*WORK TO COMPLETE:*
Copy word for word the lines of the records below, beginning at the one with "Wool is the" and finishing at the one with "Director General Level", ends included, but none of the pictures.

*ENTRIES SHOWN:*
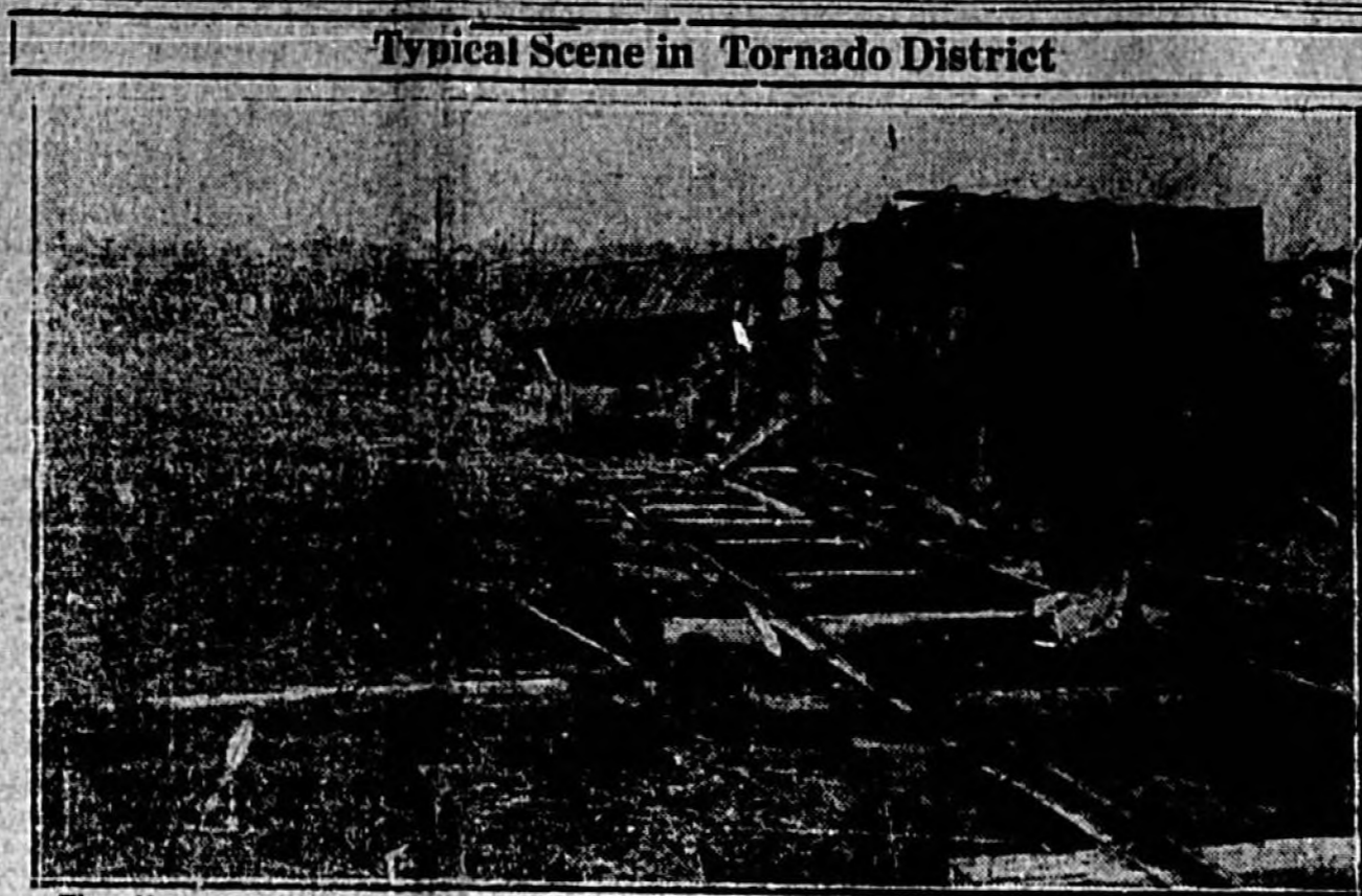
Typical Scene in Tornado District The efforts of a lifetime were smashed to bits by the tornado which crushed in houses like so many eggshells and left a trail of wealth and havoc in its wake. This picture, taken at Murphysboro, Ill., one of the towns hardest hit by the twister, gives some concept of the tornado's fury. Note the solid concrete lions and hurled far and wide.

---

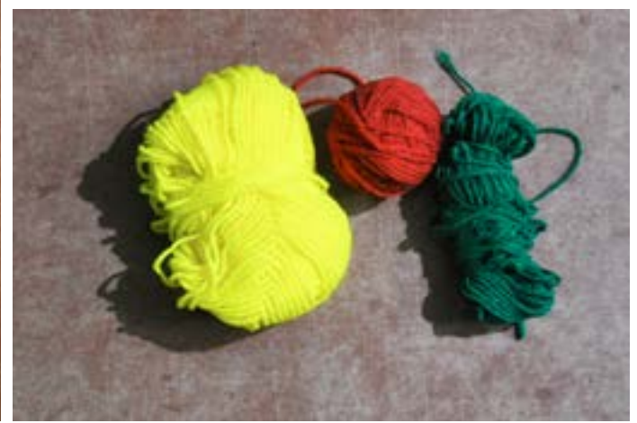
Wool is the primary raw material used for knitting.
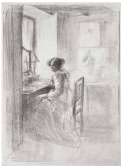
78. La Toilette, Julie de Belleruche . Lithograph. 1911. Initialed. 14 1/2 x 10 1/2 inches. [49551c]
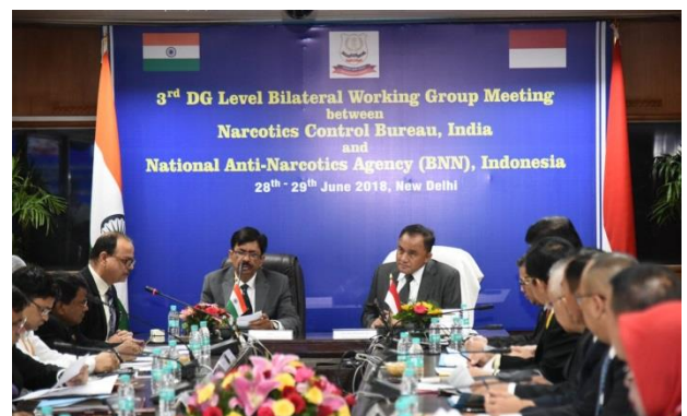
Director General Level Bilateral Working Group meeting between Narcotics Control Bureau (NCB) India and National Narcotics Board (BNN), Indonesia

--

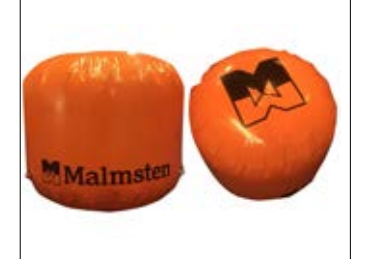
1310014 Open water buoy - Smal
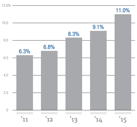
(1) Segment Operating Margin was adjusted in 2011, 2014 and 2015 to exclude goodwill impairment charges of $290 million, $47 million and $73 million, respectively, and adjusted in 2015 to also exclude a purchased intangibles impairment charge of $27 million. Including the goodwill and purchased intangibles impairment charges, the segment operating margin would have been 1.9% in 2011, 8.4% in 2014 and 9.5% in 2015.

*RESULT BELOW:*
Wool is the primary raw material used for knitting.
78. La Toilette, Julie de Belleruche . Lithograph. 1911. Initialed. 14 1/2 x 10 1/2 inches. [49551c]
Director General Level Bilateral Working Group meeting between Narcotics Control Bureau (NCB) India and National Narcotics Board (BNN), Indonesia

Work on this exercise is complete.